# Average Maintenance Cost for 2002 745 Li



## daustinscott (Jul 5, 2007)

Hello all,

I am doing my homework before purchasing a used BMW 745 Li. Can anyone share information concerning the average maintenance costs?

Thanks!


----------



## BmW745On19's (Aug 12, 2005)

Brake job w/ rotors and pads is $800~ w/ labor.
Oil Change $200~


----------



## sdbrandon (Mar 18, 2006)

$200 per month is a good number. Tuck it away for a rainy day.

Some years you will spend $2-3k, some years nothing. Depends on mileage.


----------



## Din (Feb 21, 2006)

buy an 03 and learn how to do oil changes and brakes ur self.


----------



## gfd1989 (Feb 9, 2007)

get a recent CPO car with low miles with 100K warranty and buy the extended maintainence to 100K for $1200. That will cover you for everything except gas and tires till 100k


----------



## bimmer7 (Jun 14, 2005)

gfd1989 said:


> get a recent CPO car with low miles with 100K warranty and buy the extended maintainence to 100K for $1200. That will cover you for everything except gas and tires till 100k


Yes I agree...and if you buy a CPO MY-2003 from BMW Dealer then you can keep the $1200 in your pocket (warranty + maintenance inclusive) and jus relax for 2 years till 2009 :str8pimpi

We are very soon going to be getting rid of the '02 745Li as there is less then a year left for the warranty to expire and also since its roughly 2 years for the new body style to arrive...well i am still debating on what to replace it with....but if I were you I would definitely go for the 2003.

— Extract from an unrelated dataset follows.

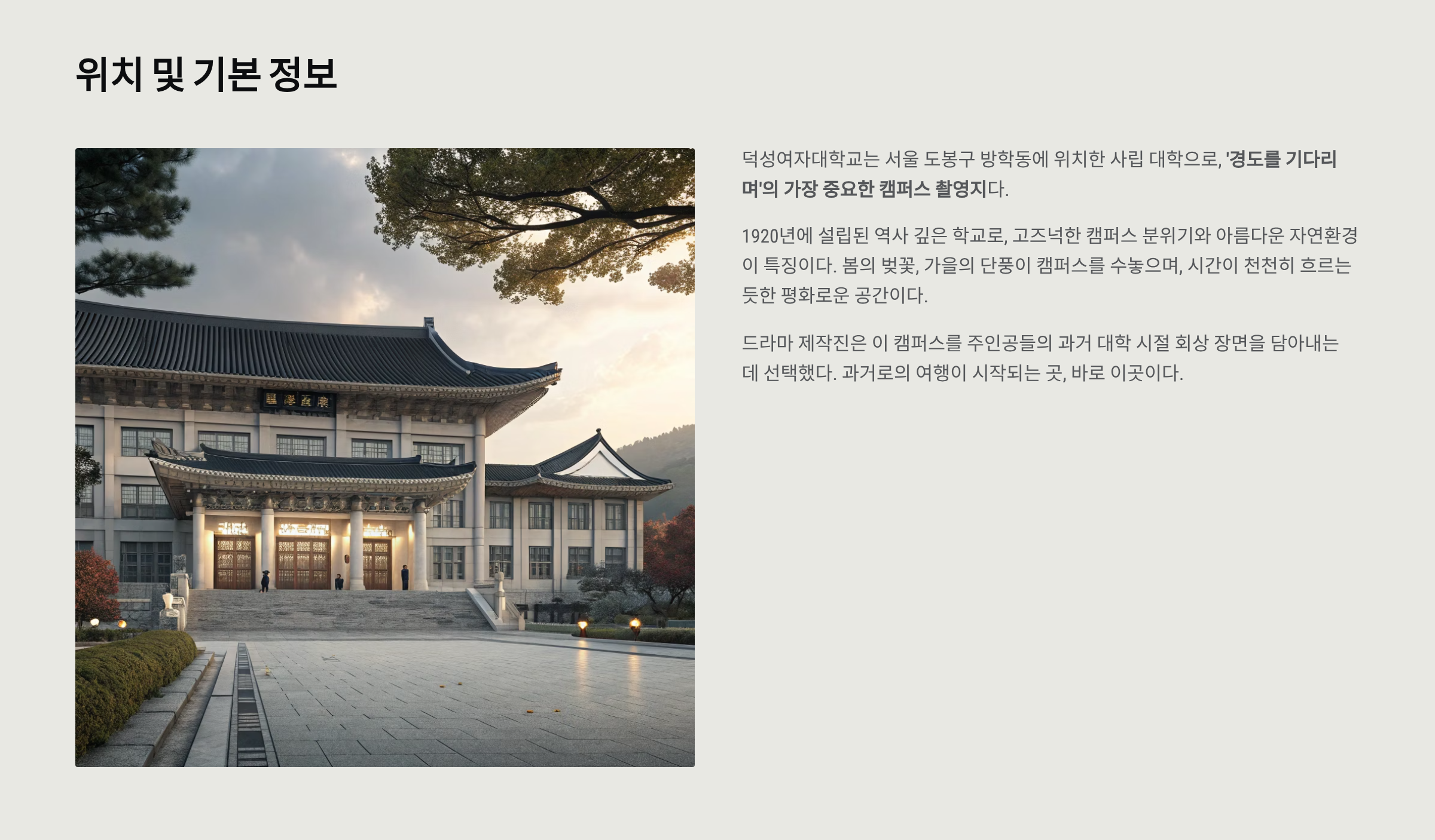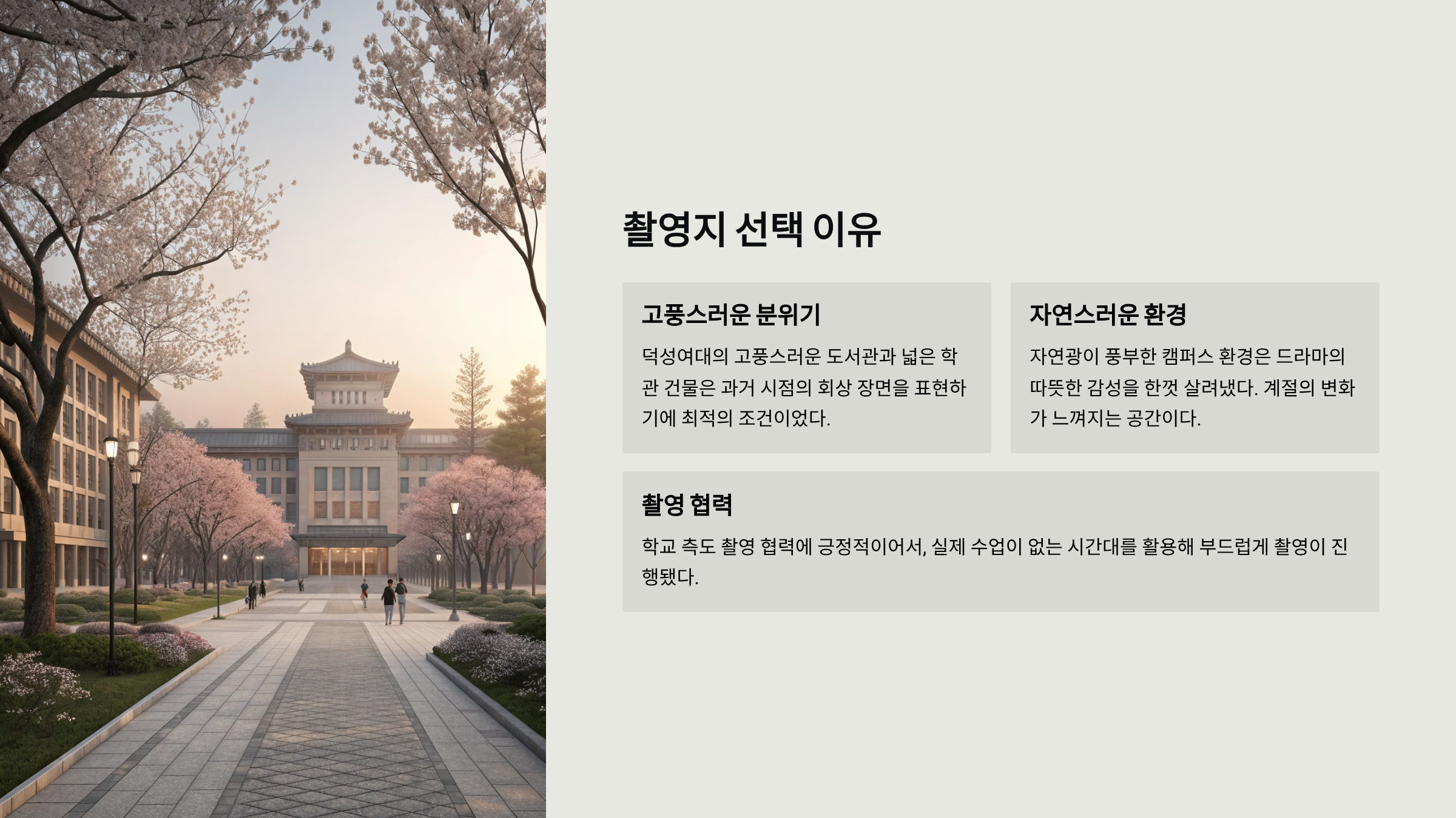 덕성여대의 고풍스러운 도서관과 넓은 학관 건물, 자연스러운 잔디광장은 과거 시점의 회상 장면을 표현하기에 최적의 조건이었다. 특히 자연광이 풍부한 캠퍼스 환경은 드라마의 따뜻한 감성을 한껏 살려냈다. 학교 측도 촬영 협력에 긍정적이어서, 실제 수업이 없는 시간대를 활용해 부드럽게 촬영이 진행됐다.

Jus like myself a lot of others will be selling/getting rid of '02 Models from now till the end of the year since warranty expires on these cars, and because of a high influx of these model year cars...you will get a better price on the 2002, but does it mean its a better deal :dunno: probably not because if down the road of ownership something goes wrong (because after all its a machine :blah::blah::blah: its going to break one time or the other or need some sort of maintenance) YOU HAVE NO WARRANTY OR VERY LITTLE LEFT ON A 2002 Model Year.

So 2003 is the safest bet now :thumbup:

Good Luck


----------